In some cases, sending the discrepant labels to a reviewer for indication whether the discrepant labels are actual labels can include surfacing the potential label for binary accept or reject input by the reviewer. For example, in some implementations, surfacing the potential label can include surfacing the potential label alongside a bounding box showing a portion of the document proposed to be labeled with the potential label.

In some cases, comparing, via the parser, the filtered labels with previously-generated labels associated with the document to find discrepant labels can correspond to identifying potentially missing labels in which there is no match between one of the potential labels and one of the previously-generated labels. In other cases, finding discrepant labels can correspond to identifying potentially incorrect labels in which different labels are provided by the potential labels and the previously-generated labels for a same portion of the document.

In some implementations, the machine-learning model can work in conjunction with other models or in an ensemble of models in order to attenuate the memorization of errors. The models may train from different starting points of a data set or different subsets of the data. Thus, decreasing the risk of overtraining and error memorization. The ensemble of machine-learning models would then be deployed on a document to identify the labels and the results collated before going through the parser and reviewer.

In some implementations, the proposed techniques can be provided as a cloud service (e.g., as part of a suite of machine learning services provided as a machine learning as a service platform). For example, a user of the platform can upload their labeled data. A model can be trained on the data. The model can be used to identify discrepant labels as described herein. The discrepant labels can be provided to a reviewer (e.g., using a user interface tool included in the cloud platform). Thereafter, the labeled data can be updated can be updated based on the feedback entered by the reviewer. The model can be retrained on the updated data. The retrained model can be deployed (e.g., to various computer devices such as cloud servers or on-device applications).

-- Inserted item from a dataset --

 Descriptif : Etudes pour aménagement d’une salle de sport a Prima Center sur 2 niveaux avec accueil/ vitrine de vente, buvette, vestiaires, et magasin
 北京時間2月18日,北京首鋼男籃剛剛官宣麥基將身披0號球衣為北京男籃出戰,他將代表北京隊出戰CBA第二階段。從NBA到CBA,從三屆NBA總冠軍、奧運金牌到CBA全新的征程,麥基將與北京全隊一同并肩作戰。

The technical effect of the machine-learning model includes increased accuracy in label identification, without having to send the machine-learning model through multiple reviews of the same document. The machine-learning model will use less resources and time in order to identify bad or missing labels and increase its overall efficiency. Further, human review of documents for missing labels will be more efficient due to the human only needing to indicate if the identified label is accepted or rejected. Thus, ground-truth identification will be quicker, more accurate and consume less resources.

Another example technical effect of the machine-learning model is that the scanned documents will be reflective of documents in real life. While a human can easily skim a document and identify the relevant fields, this does not necessarily translate into a human drawing bounding boxes around each field. Machine-learning models can identify more, if not all, of these fields and place them automatically into a database. Therefore, searching for certain fields, accounting, and organizing data will be easier and more reflective of the actual data or human actions. Thus, the machine-learning model will make data analysis and accounting more accurate for businesses and other customers.

With reference now to the Figures, example embodiments of the present disclosure will be discussed in further detail.

Example Devices and Systems

The machine-learned models described in this specification may be used in a variety of tasks, applications, and/or use cases.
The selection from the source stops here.